▸ **ACTION ITEM**:
The reply should hold every record, copied exactly, and none of the pictures.

▸ **THE INPUT**:
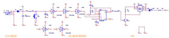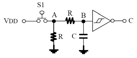 在S1 ON 的瞬间由于接触弹跳的关系,会使A 点电压呈现高速的断续现象,再S1 OFF时亦然,详(如图2所示),然而由于电容两端电压需由电压经电阻慢慢充电才会上升,使得B 点电位缓步上升情形:S1 OFF 时亦然,电容电压经R 放电,使B 点电压缓缓下降。此一变化,经史密特反相修整后,可得一标准负脉波输出,如波形图C 点所示。
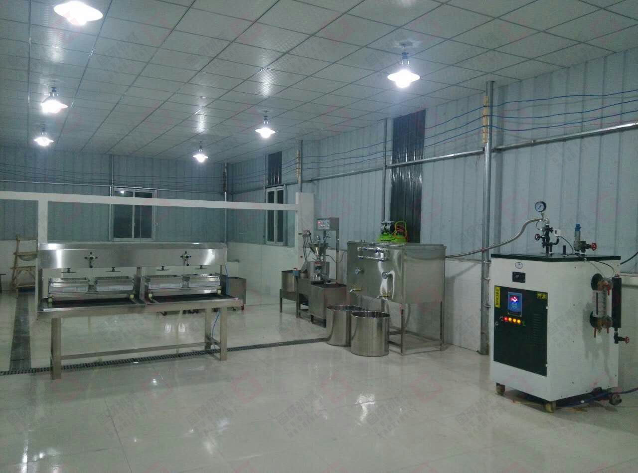 加工豆腐有六道工序:清洗浸泡(夏天4個(gè)小時(shí),冬天6個(gè)小時(shí),目的是更大限度的確保出漿率)—磨漿分離(傳統(tǒng)工藝需要人工篩漿,而機(jī)器是采用漿渣自動(dòng)分離,減輕了人力,極大提高生產(chǎn)效率)—高溫煮漿(豆?jié){自動(dòng)流入煮漿桶,通過蒸汽加熱煮熟)—點(diǎn)漿(豆?jié){煮開后,再加入凝固劑成型)—壓榨(擠出水份)—成品豆腐。
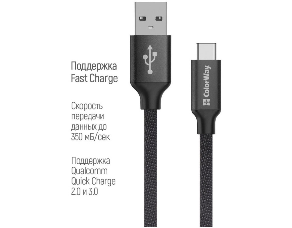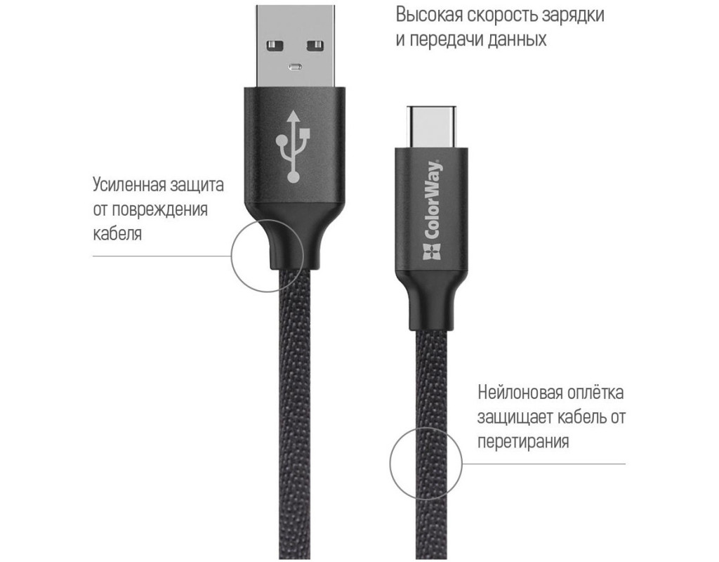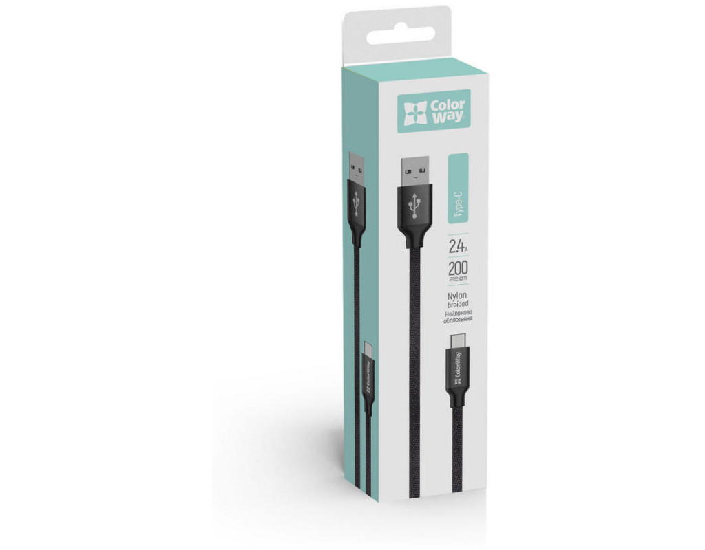 Дата кабель USB 2.0 AM to USB-C 2.0m black ColorWay (CW-CBUC008-BK)
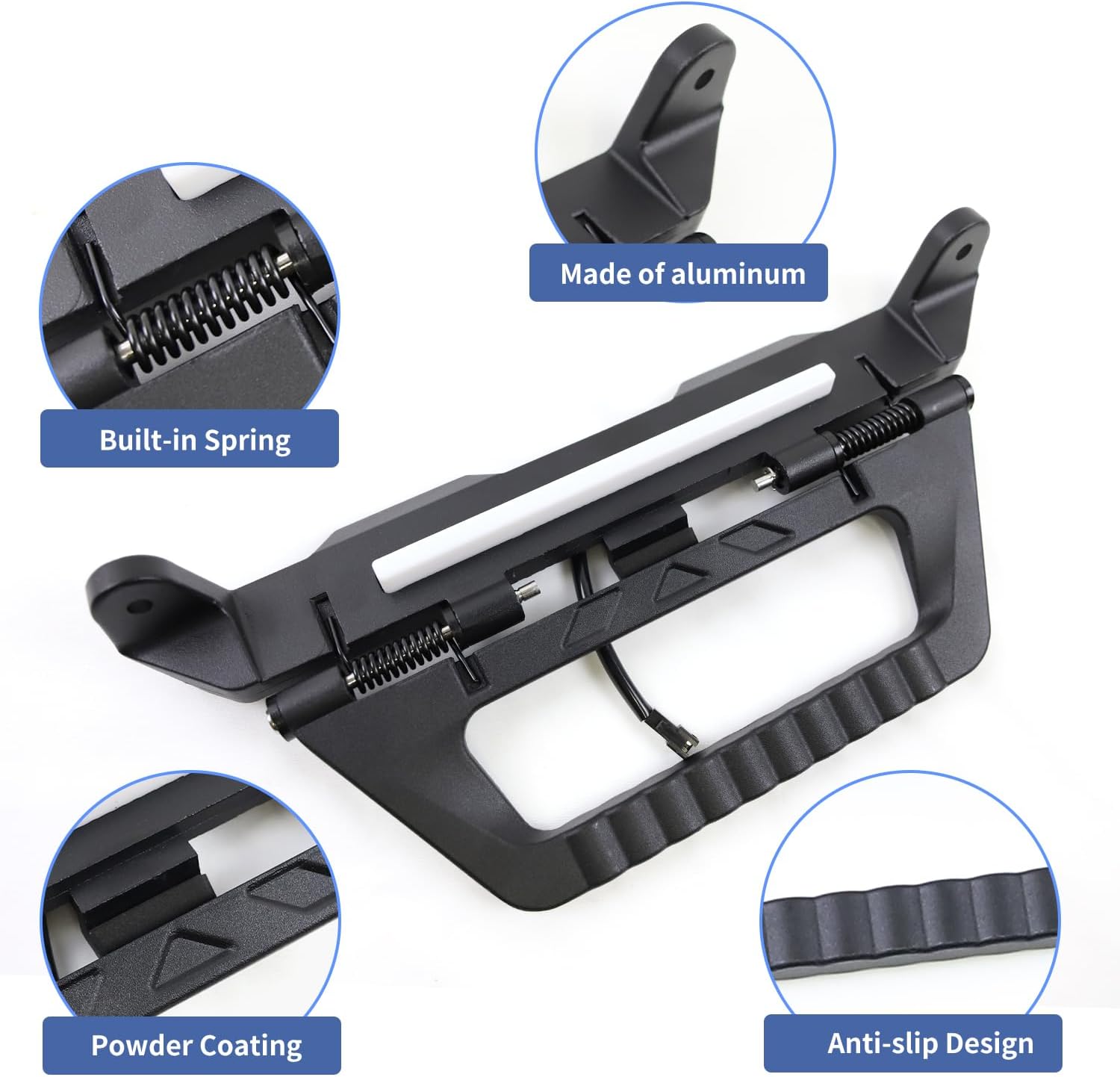 - Considerated Hidden Design: Built-in spring mechanism, the grab handle can be folded upwards when not in use to prevent head collision.
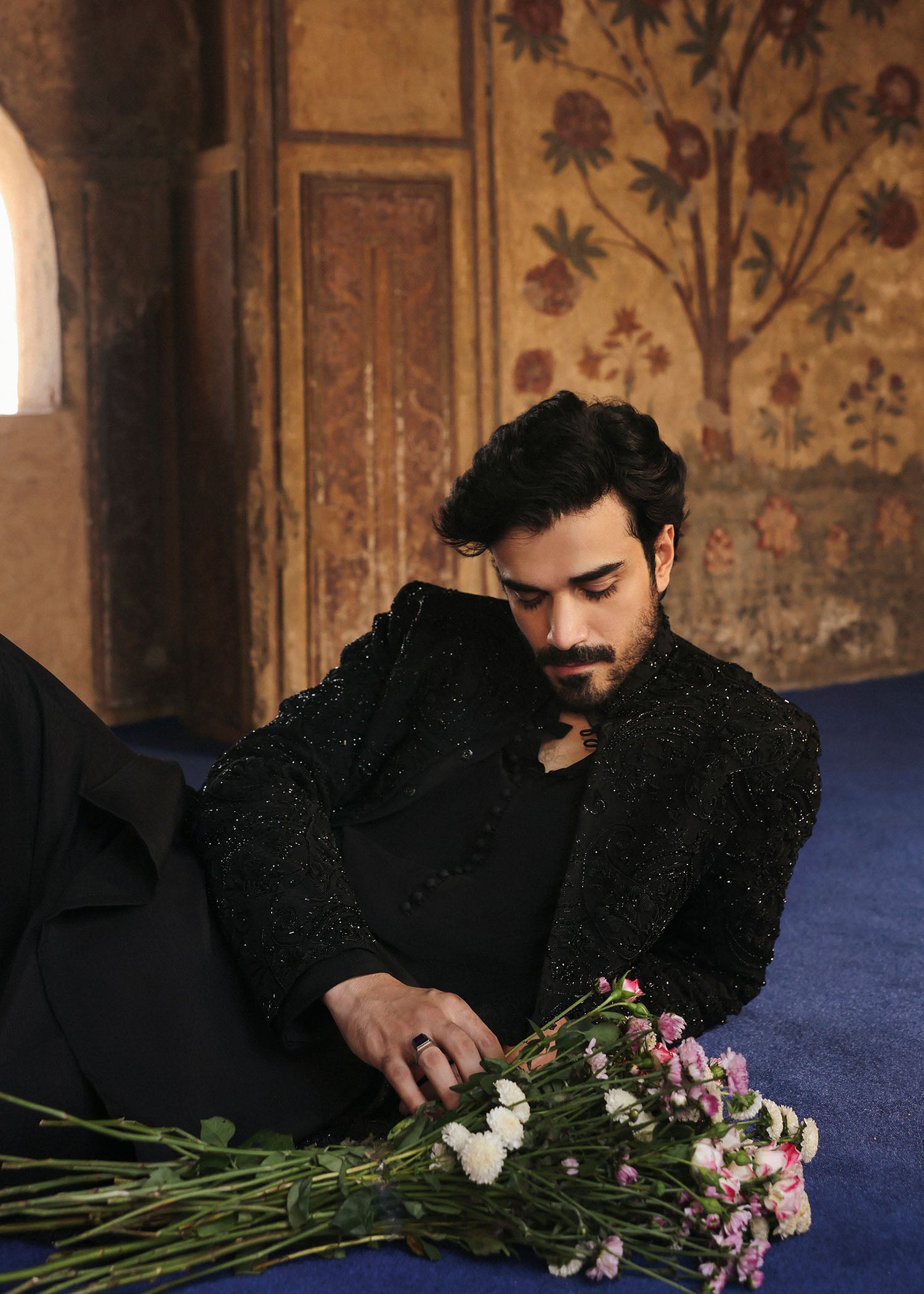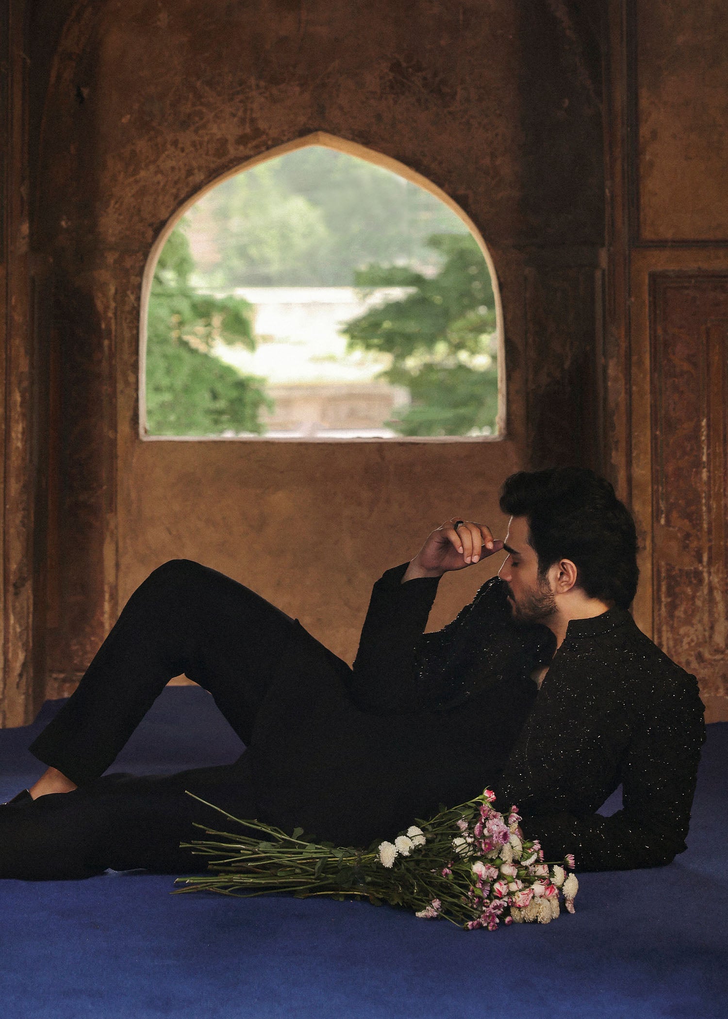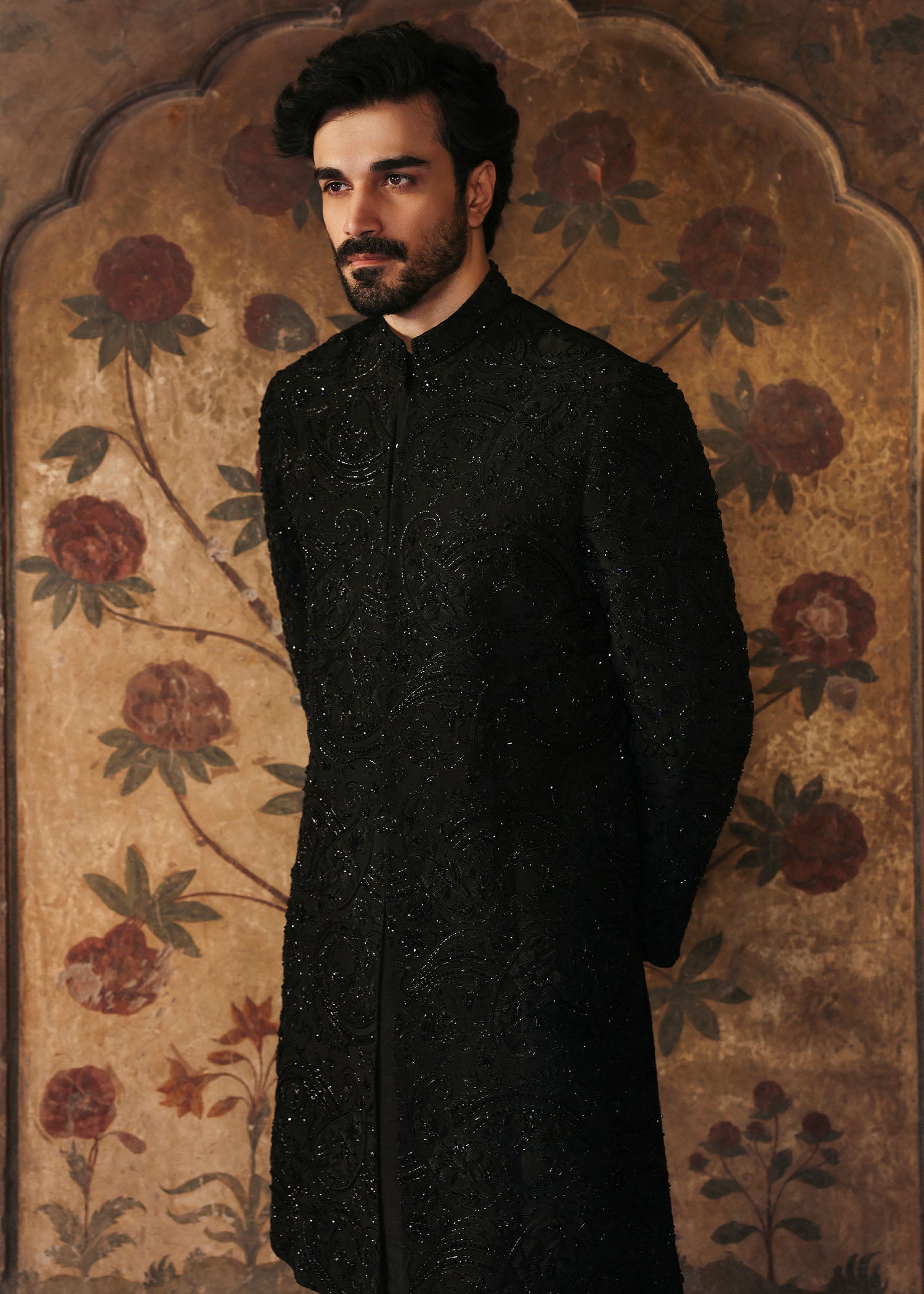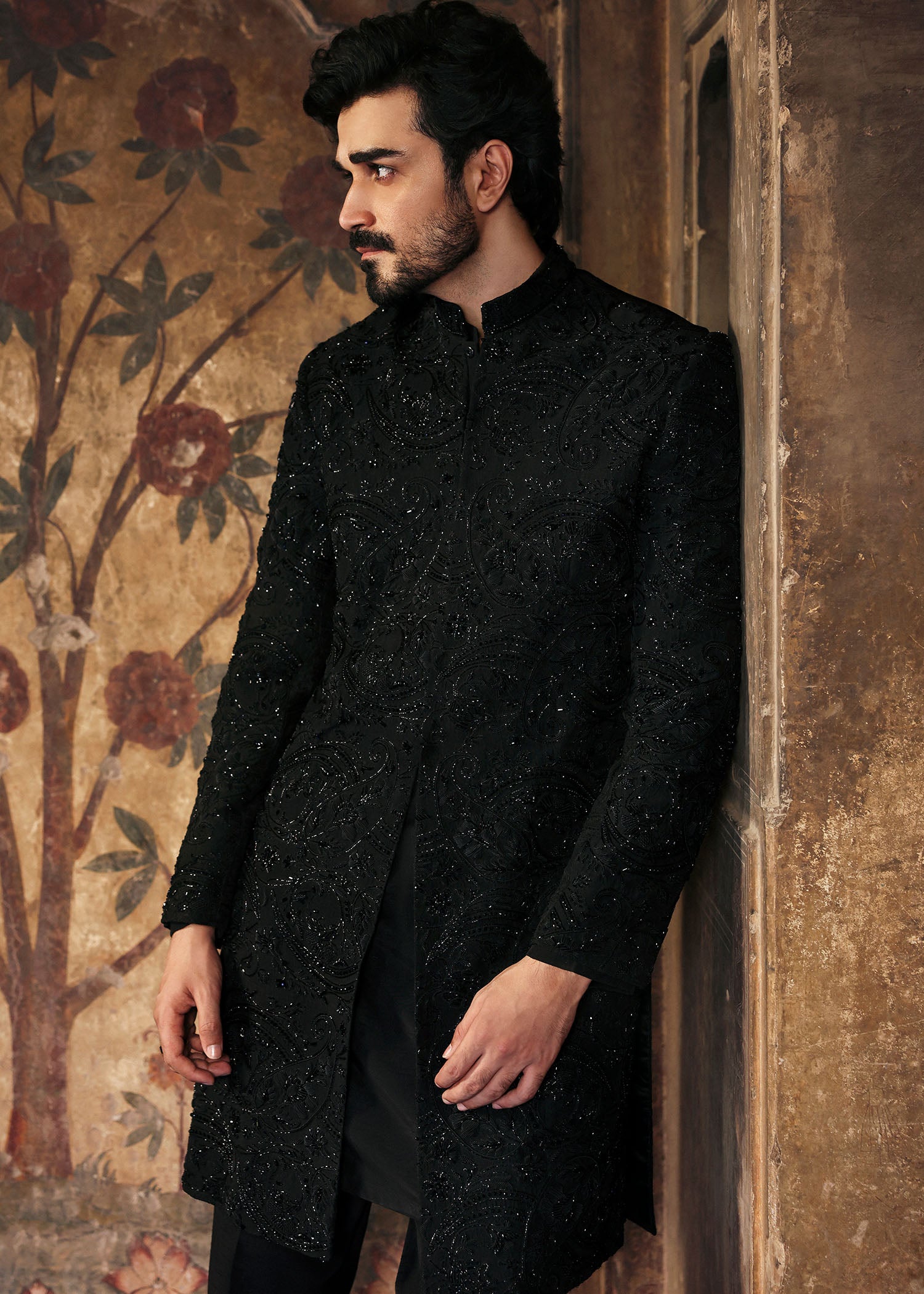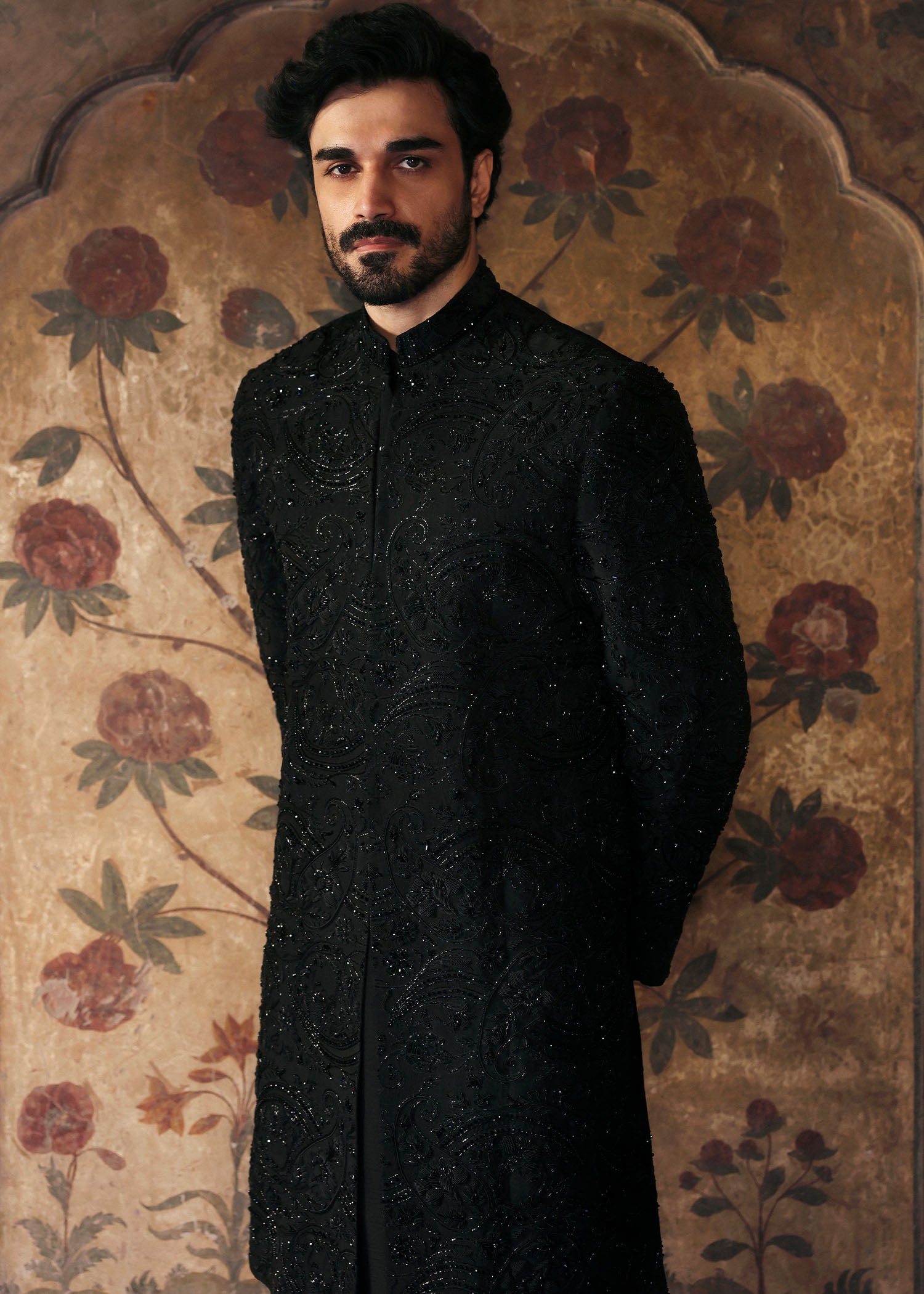 Drenched in deep black and adorned with intricate tonal embroidery and subtle beadwork, this sherwani speaks of quiet power and poetic mystery. The textured embellishments catch the light just enough to command attention without overwhelming the silhouette, making it perfect for evening weddings, receptions, or any event where sophistication is key.

▸ **WORKED SOLUTION**:
 在S1 ON 的瞬间由于接触弹跳的关系,会使A 点电压呈现高速的断续现象,再S1 OFF时亦然,详(如图2所示),然而由于电容两端电压需由电压经电阻慢慢充电才会上升,使得B 点电位缓步上升情形:S1 OFF 时亦然,电容电压经R 放电,使B 点电压缓缓下降。此一变化,经史密特反相修整后,可得一标准负脉波输出,如波形图C 点所示。
 加工豆腐有六道工序:清洗浸泡(夏天4個(gè)小時(shí),冬天6個(gè)小時(shí),目的是更大限度的確保出漿率)—磨漿分離(傳統(tǒng)工藝需要人工篩漿,而機(jī)器是采用漿渣自動(dòng)分離,減輕了人力,極大提高生產(chǎn)效率)—高溫煮漿(豆?jié){自動(dòng)流入煮漿桶,通過蒸汽加熱煮熟)—點(diǎn)漿(豆?jié){煮開后,再加入凝固劑成型)—壓榨(擠出水份)—成品豆腐。
 Дата кабель USB 2.0 AM to USB-C 2.0m black ColorWay (CW-CBUC008-BK)
 - Considerated Hidden Design: Built-in spring mechanism, the grab handle can be folded upwards when not in use to prevent head collision.
 Drenched in deep black and adorned with intricate tonal embroidery and subtle beadwork, this sherwani speaks of quiet power and poetic mystery. The textured embellishments catch the light just enough to command attention without overwhelming the silhouette, making it perfect for evening weddings, receptions, or any event where sophistication is key.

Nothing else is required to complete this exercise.